Jeff Bezos, Mark Zuckerberg, Bill Gates, Carlos Slim, Amancio Ortega, Larry Page o Sergey Brin no le deben nada a nadie. Todo lo han conseguido por iniciativa personal. Es irrelevante la pertenencia a una clase social. Ellos se bastan y sobran. Pero son buena gente, hacen beneficencia. Donan material digital, patrocinan la OMS, se comprometen con la agricultura verde y digital, eliminar la brecha de digital, apadrinan especies en extinción y ONG para luchar contra la contaminación, el hambre y la explotación. Seguramente comprarán vacunas contra el Covid-19 para ofrecerlas al tercer mundo, cuando ellos estén a salvo, claro. Evaden impuestos, mantienen a sus trabajadores en condiciones de sobrexplotación, con empleos basura y contratos temporales, deslocalizando la producción para emplear a niños en países asiáticos, maquilas o en la agroindustria de palma, soya o maíz transgénico en América Latina. Para ellos, al igual que para los gobiernos y las compañías trasnacionales, las desigualdades no son responsabilidad de nadie. Unos ganadores otros perdedores. Los segundos lo son por su escaso espíritu de sacrificio. Irresponsables que no han querido estudiar, ni progresar. Por consiguiente merecedores del desprecio. En este saco entran los pueblos originarios, los inmigrantes, las mujeres obligadas a esclavizarse sexualmente. Deben asumir su fracaso, obedecer y trabajar en beneficio de quien les da trabajo.

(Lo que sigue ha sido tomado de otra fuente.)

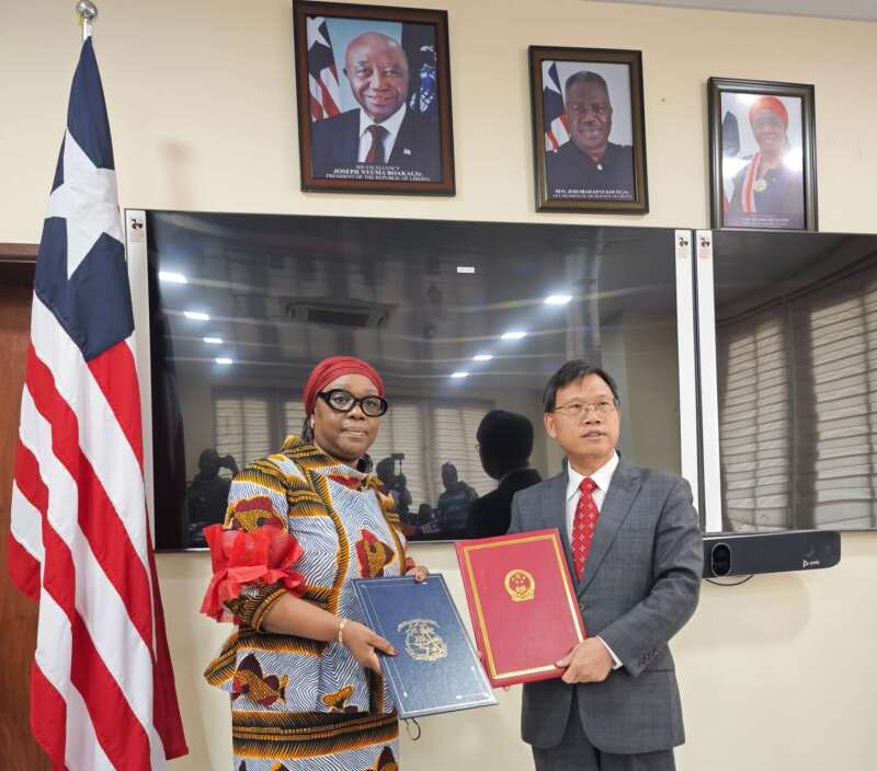 1月9日,驻利比里亚大使尹承武与利外交部长尼安蒂分别代表两国政府于利首都蒙罗维亚签署发展合作协定。利代财长梅尔斯、外交部领导成员等参加签署仪式。

Hoy, los gobiernos, en medio del ­Covid-19, llaman a sus ciudadanos a ser responsables; ha no salir de casa, mantener la distancia social, usar mascarillas, ser prudentes. Apelan a valores como el bien común, la solidaridad, el interés general. Es decir, lo que han despreciado, ninguneado y consideran un lastre para la iniciativa privada, el beneficio empresarial y la especulación financiera. Han avalado las conductas egoístas, han educado en la meritocracia y la competitividad. Pero hoy piden responsabilidad. Las mismas élites políticas, gobiernos, empresarios e instituciones (FMI, BM, OMC) que fomentan la desigualdad, desgravan las grandes fortunas, nos piden responsabilidad, de la cual han carecido a la hora de privatizar, desarticular los sistemas de salud y la educación pública. Sin olvidar que en esta pandemia han optado por salvar la economía y no a las personas. Su ejemplo, la irresponsabilidad, la mentira y la criminalización de los movimientos democráticos. No es coherente ni ético. Sin embargo, a contracorriente, la respuesta de las clases trabajadoras, de los pueblos originarios, del feminismo, ha sido ejemplar ante la pandemia. Han actuado con dignidad, sabiendo que del capitalismo sólo se puede esperar un sálvase quien pueda. En él no hay cabida para la responsabilidad social ni personal. Demandarla es hipocresía, tanto como las orgías, fiestas y transgresiones que sus dirigentes comenten todos los días.